Use t-SNE to reduce the MNIST dataset down to two dimensions and plot the result using Matplotlib. You can use a scatterplot using 10 different colors to represent each image’s target class. Alternatively, you can write colored digits at the location of each instance, or even plot scaled-down versions of the digit images themselves (if you plot all digits, the visualization will be too cluttered, so you should either draw a random sample or plot an instance only if no other instance has already been plotted at a close distance). You should get a nice visualization with well-separated clusters of digits. Try using other dimensionality reduction algorithms such as PCA, LLE, or MDS and compare the resulting visualizations.
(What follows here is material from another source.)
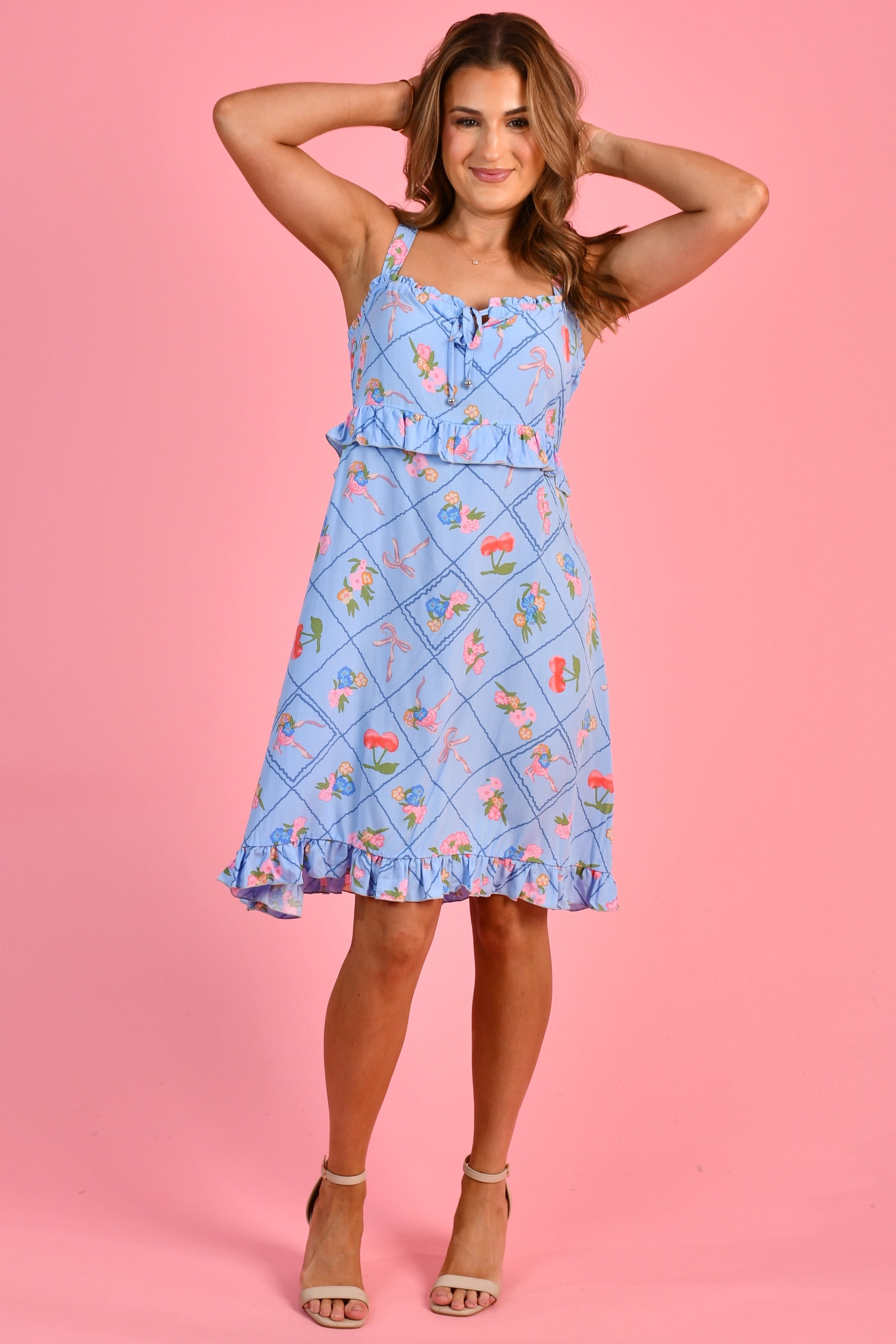 Our Sunset Ruffle Dress in our beautiful Bows & Blooms print has landed!🌸🎀

from sklearn.manifold import TSNE

tsne = TSNE(n_components=2)
X_test_reduced = tsne.fit_transform(X_test)
print(X_test_reduced.shape)
/Users/riley/PycharmProjects/ML/venv/lib/python3.8/site-packages/sklearn/manifold/_t_sne.py:780: FutureWarning: The default initialization in TSNE will change from 'random' to 'pca' in 1.2.
  warnings.warn(
/Users/riley/PycharmProjects/ML/venv/lib/python3.8/site-packages/sklearn/manifold/_t_sne.py:790: FutureWarning: The default learning rate in TSNE will change from 200.0 to 'auto' in 1.2.
  warnings.warn(


(10000, 2)
import matplotlib.pyplot as plt


plt.scatter(X_test_reduced[:, 0], X_test_reduced[:, 1], c=y_test.astype(int), alpha=0.4)
plt.colorbar()

# Annotate nicely
for i in range(10):
    x_med, y_med = (
        X_test_reduced[y_test.astype(int) == i][:, 0],
        X_test_reduced[y_test.astype(int) == i][:, 1],
    )
    x_med, y_med = np.median(x_med), np.median(y_med)
    plt.text(
        x_med,
        y_med,
        str(i),
        horizontalalignment="center",
        verticalalignment="center",
        color="red",
        fontsize=20,
    )
plt.title("TSNE")

png

pca = PCA(n_components=2)
X_test_reduced = pca.fit_transform(X_test)
plt.scatter(X_test_reduced[:, 0], X_test_reduced[:, 1], c=y_test.astype(int), alpha=0.4)
plt.colorbar()
for i in range(10):
    x_med, y_med = (
        X_test_reduced[y_test.astype(int) == i][:, 0],
        X_test_reduced[y_test.astype(int) == i][:, 1],
    )
    x_med, y_med = np.median(x_med), np.median(y_med)
    plt.text(
        x_med,
        y_med,
        str(i),
        horizontalalignment="center",
        verticalalignment="center",
        color="red",
        fontsize=20,
    )
plt.title("PCA")

png

from sklearn.manifold import LocallyLinearEmbedding

lle = LocallyLinearEmbedding(n_components=2)
X_test_reduced = lle.fit_transform(X_test)
plt.scatter(X_test_reduced[:, 0], X_test_reduced[:, 1], c=y_test.astype(int), alpha=0.4)
plt.colorbar()
for i in range(10):
    x_med, y_med = (
        X_test_reduced[y_test.astype(int) == i][:, 0],
        X_test_reduced[y_test.astype(int) == i][:, 1],
    )
    x_med, y_med = np.median(x_med), np.median(y_med)
    plt.text(
        x_med,
        y_med,
        str(i),
        horizontalalignment="center",
        verticalalignment="center",
        color="red",
        fontsize=20,
    )
plt.title("LLE")
Text(0.5, 1.0, 'LLE')

png

from sklearn.manifold import MDS

mds = MDS(n_components=2)
X_test_reduced = mds.fit_transform(X_test[:2000])
plt.scatter(
    X_test_reduced[:, 0], X_test_reduced[:, 1], c=y_test[:2000].astype(int), alpha=0.4
)
plt.colorbar()
for i in range(10):
    x_med, y_med = (
        X_test_reduced[y_test[:2000].astype(int) == i][:, 0],
        X_test_reduced[y_test[:2000].astype(int) == i][:, 1],
    )
    x_med, y_med = np.median(x_med), np.median(y_med)
    plt.text(
        x_med,
        y_med,
        str(i),
        horizontalalignment="center",
        verticalalignment="center",
        color="red",
        fontsize=20,
    )
plt.title("MDS")
Text(0.5, 1.0, 'MDS')

png

So we can see that t-SNE did the best at dimensionality reduction to 2D for MNIST.